All-in-all, the costs of electrocar adoption are nonlinear: the first few percent of the population who adopt don't have to deal with the structural problems: a 100-unit condominium building can add two or three 240V chargers, the local grid can handle a handful of vehicles. At scale, however, major infrastructure upgrades will be required.
The other car does 6 miles 3 times a week and is in the driveway almost all the time.
Sure, there are whales that do 300 miles a week, but that's not most people.
Looking at a sample of about 13 million vehicles that passed MOT tests in both 2018 and 2019, and thus reported the milage
Percentiles 20%: 2700 40%: 4800 50%: 6000 60%: 7000 80%: 10500 90%: 14000 95%: 17000
Lets assume that's all commuting over 5 days a week, 47 weeks a year.
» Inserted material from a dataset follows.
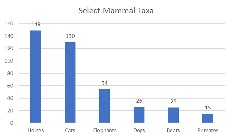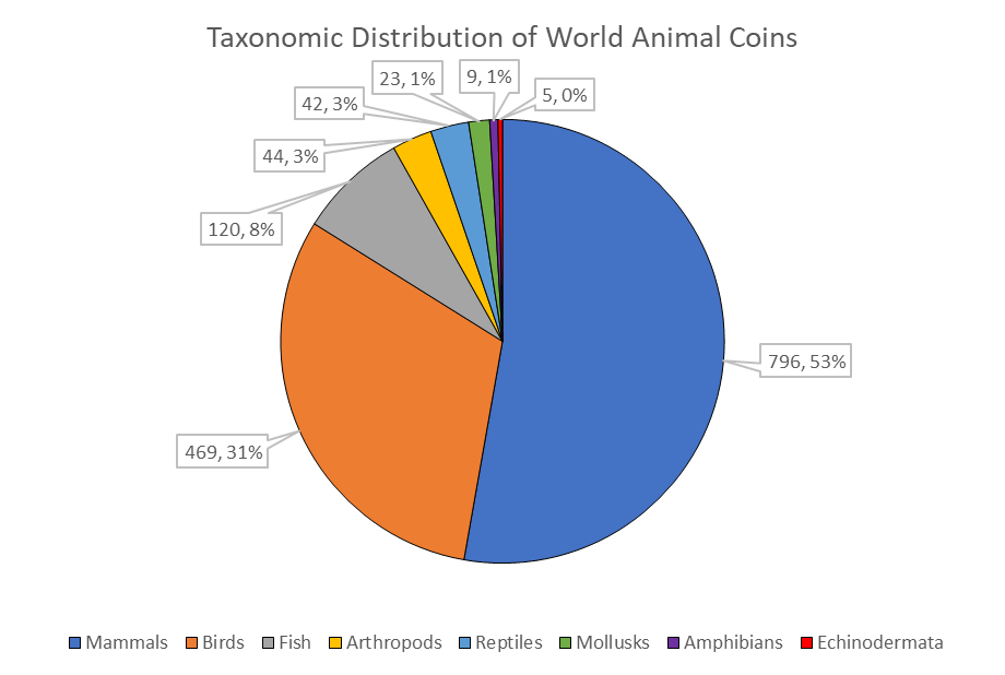 Daniel’s Coin Zoo lists just over 1,500 unique animal coins from across the world (limited to post-1900 circulation coins). More than half of these coins depict mammals (53%), about a third depict birds (31%), and only a small fraction (16%) depict all other animals (fish, Arthropods, reptiles, mollusks, amphibians, and Echinodermata or starfish).

That means in an average 12 hour night:
20% of cars would need less than 11 miles of charge, or 4kWh -- 350W
Another 20% of cars would need less than 21 miles of charge, or 7kWh -- 600W
Another 20% of cars would need less than 10kWh -- 850W
Another 20% of cars would need less than 15kWh -- 1.25kW
Another 15% of cars would need 24kWh -- 2kW
All of that is less than a kettle, an average 13A plug is more than enough.
Now if those mileages include many people doing long distance drives at weekends and not regular commuting, the actual top-up needed every night isn't anywhere near as much. Some cars will do lots of miles at the weekend and need to draw the full 3kW out of a standard socket, sure. My kettle doesn't have an issue with doing that. For every car needing that full charge on a Sunday and during the rest of the week, there's a dozen that don't. OK, your battery might be down to 10% on Sunday night, but then you charge it to 20% for Monday morning, drop to 17% after your commute, charge to 27% Tuesday, and so on.
100A, or even 60A, house breakers aren't going to have an issue with keeping 95% of cars topped up, so you're at the next level. On the rare occasion you need to fully recharge really quickly, go to a specialist location with a 20kW+ charger. The data shows that most people won't need that most of the time.
Looking at newer cars -- ones made in 2016 (and thus having first MOT in 2019), you'd think they'd have a higher mileage. And they do, median is 8400, and 80%ile is 13,300, 95% 22700 -- about 30% higher in each bracket, but that's still well within a home charge range, even for the 95%ile, and only 1 in 4 cars are new enough to be in that category, so median mileage of all cars would be under 7,000 miles a year range.
You're right there's a grid level problem -- the dip in power generation in the UK overnight is about 10GW, which could sustain about 14 million cars - not too great when there's more than twice that needing power.
Assuming that in a given area cars are distributed fairly evenly as above, with some cars needing 24kWh a night, but others needing 4kWh, the average overnight draw would still only be 700W, that doesn't feel like it's going to trip neighbourhood substations, but further upstream could be problems.